15. Bu aşamada, asıl dava davacıları ... ve ... vekili 16.01.2017 tarihli dilekçesi ile; birleştirilen 2015/253 esas sayılı dava davacıları ... ve ... vekili 23.01.2017 tarihli dilekçesi ile; açılan davalara muvafakat ettiklerini bildirmişlerdir.
Birleştirilen 2015/253 Esas Sayılı Davada Davalı Cevabı(Bozma Sonrası)
16. Davalı ... İdaresi vekili cevap dilekçesinde; asıl davadaki cevaplarını tekrar ederek davanın reddini savunmuştur.
Mahkemenin İkinci Kararı
17. İstanbul 5. Asliye Hukuk Mahkemesinin 19.12.2017 tarihli ve 2016/431 Esas, 2017/425 Karar sayılı kararı ile; (bozma ilâmına uyulmasına karar verildikten sonra) ... oğlu...’nin dava dışı mirasçıları ... ve ... tarafından birleştirilen 2015/253 esas sayılı davanın açıldığı, ayrıca tüm mirasçılar tarafından açılan davalara muvafakat verildiğinin bildirildiği, davanın görülebilirlik koşulunun yerine getirildiği, İstanbul 7. Sulh Hukuk Mahkemesinin 20.11.2014 tarihli ve 2014/326 Esas 2014/769 Karar sayılı hasımlı veraset ilâmı ile davacıların dava konusu taşınmazın tapu kayıt maliki ... oğlu...’nin mirasçıları olduklarının tespit edildiği, dava konusu taşınmazın cebri ihale suretiyle satılması nedeniyle davacı tarafın taleplerini bedele dönüştürdükleri, satış bedeli üzerinden davanın ıslah edildiği, tapu iptali ve tescil istemli açılan eldeki davanın alacak davasına dönüştüğü, yargılamanın devamı sırasında asıl ve birleştirilen 2015/253 esas sayılı dava davacıları tarafından temliknameler ile hükmedilecek alacağın bir kısmının temlik edildiği, temlik sözleşmelerinin geçerli olduğu gerekçesiyle asıl davada; davacılar ile temlik alan ... yönünden bedel isteklerinin kısmen kabulüne, ... ve ...’nin müdahillik talebinin reddine, birleştirilen 2008/194 esas sayılı davada; davacı ... yönünden asıl davada karar verildiğinden karar verilmesine yer olmadığına, birleştirilen 2015/253 esas sayılı davada; tapu iptali ve tescil isteminin reddine, davacılar ile temlik alanlar ..., ... ve ... yönünden bedel isteklerinin kısmen kabulüne karar verilmiştir.

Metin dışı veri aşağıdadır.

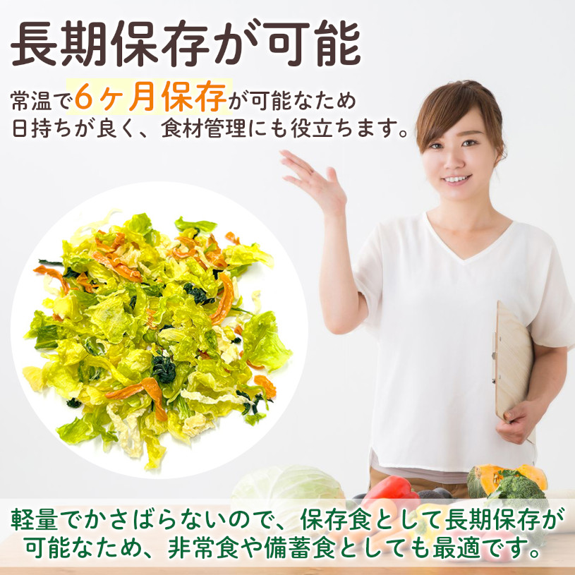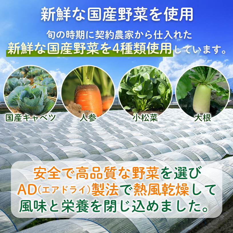 旬の時期に直接契約農家から仕入れた新鮮な国産野菜4種類を、AD製法にて熱風乾燥してブレンドしました。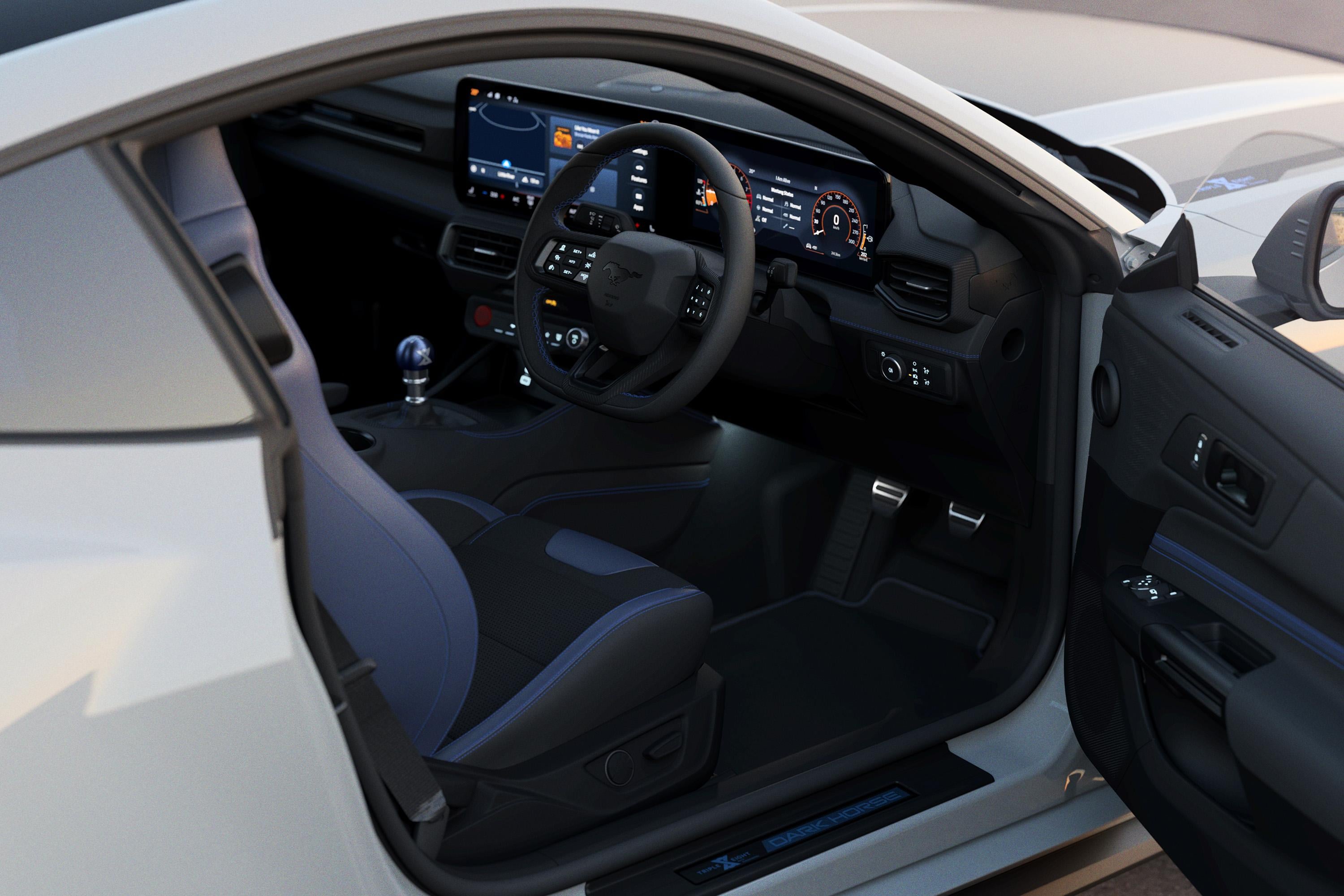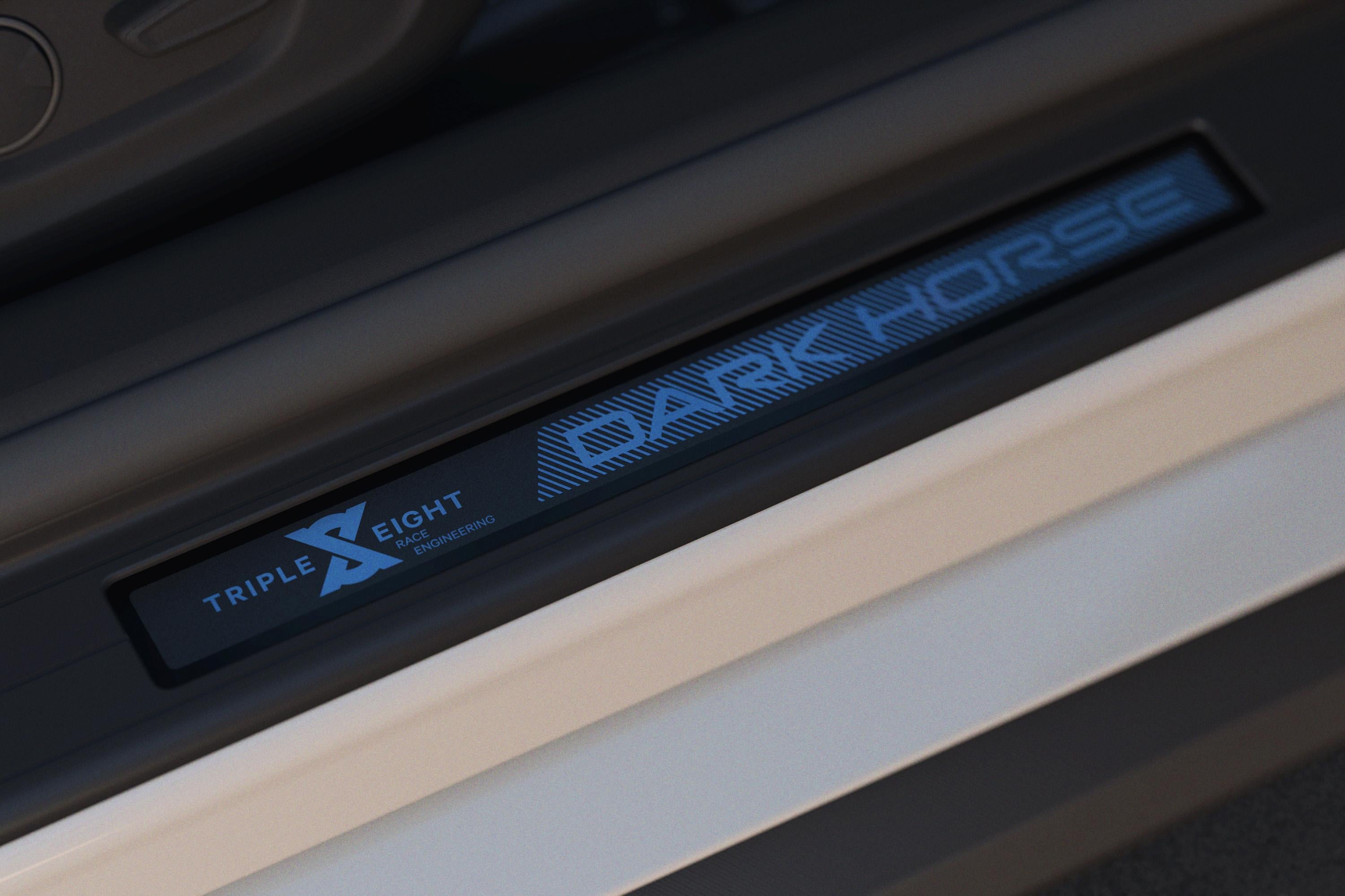 Inside, Triple Eight scuff plates, blue door trim accents, and a blue-accented gear selector with T8 branding are fitted, while standard Recaro sports seats feature blue bolsters. These Recaro sports seats are a $3835 option on the regular Dark Horse.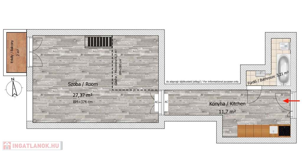 A lakás bútorok és kiegészítők nélkül kerül eladásra – a bemutatott berendezés csak inspirációt nyújt egy stílushoz.

Özel Dairenin İkinci Bozma Kararı
18. Mahkemenin yukarıda belirtilen kararına karşı süresi içinde davalı ... İdaresi vekili tarafından temyiz isteminde bulunulmuştur.
19. Yargıtay 1. Hukuk Dairesinin 22.12.2020 tarihli ve 2018/2078 Esas, 2020/6888 Karar sayılı kararı ile; “…Hemen belirtilmelidir ki, dosya içeriğine, toplanan delillere, hükmün dayandığı yasal ve hukuksal gerekçeye, delillerin takdirinde bir isabetsizlik bulunmamasına göre, asıl ve birleştirilen davada davacıların mirasçılığı hasımlı veraset ilamı ile saptanmak suretiyle ve dava konusu taşınmazda mirasbırakandan davalıya geçen 2/4 pay nazara alınarak bedele hükmedilmesi doğrudur. Asıl ve birleştirilen davada davalının esasa ilişkin yerinde görülmeyen temyiz itirazlarının reddine.
Asıl ve birleştirilen davada davalının diğer temyiz itirazlarına gelince;
Somut olayda; asıl ve birleştirilen davada sunulan temliknameler, 6098 sayılı Türk Borçlar Kanunu’nun 183. ( 818 sayılı Borçlar Kanunu’nun 162 vd. ) ve devam eden maddelerinde öngörülen “ alacağın devri” niteliğinde kabul edilemez. Anılan yasal düzenlemelerde öngörülen ve devri mümkün olan hak, bir alacağa ilişkindir. Oysa, eldeki davada temlik konusu alacak mülkiyet hakkından kaynaklanmakta olup, yukarıda anılan maddeler çerçevesinde değerlendirilebilecek bir alacağın devri söz konusu değildir.
Öte yandan gerek 1086 sayılı HUMK gerekse 6100 sayılı HMK'nun da dava hakkının devrine ilişkin bir düzenleme yer almayıp, dava konusunun devrine ilişkin HUMK'da 186. HMK'nda da 125. maddeler düzenlenmiştir. Asıl ve birleştirilen davada sunulan alacağın temliki sözleşmeleri ile asıl davada sunulan ek temlik sözleşmesi, dava konusunun devri niteliğinde olmayıp, dava hakkının devri niteliğindedir. Nitekim, bozma ilamında da “ eldeki davanın niteliği ve ibraz edilmiş olan Temlik Sözleşmesi başlıklı belgelerin içeriği gözetildiğinde lehdarına eldeki davayı takip yetkisi vermeyeceği” denilmek suretiyle bu hususa işaret edilmiştir. Bozma kararına uyulmakla taraflar yararına usuli kazanılmış hak oluşacağı açıktır.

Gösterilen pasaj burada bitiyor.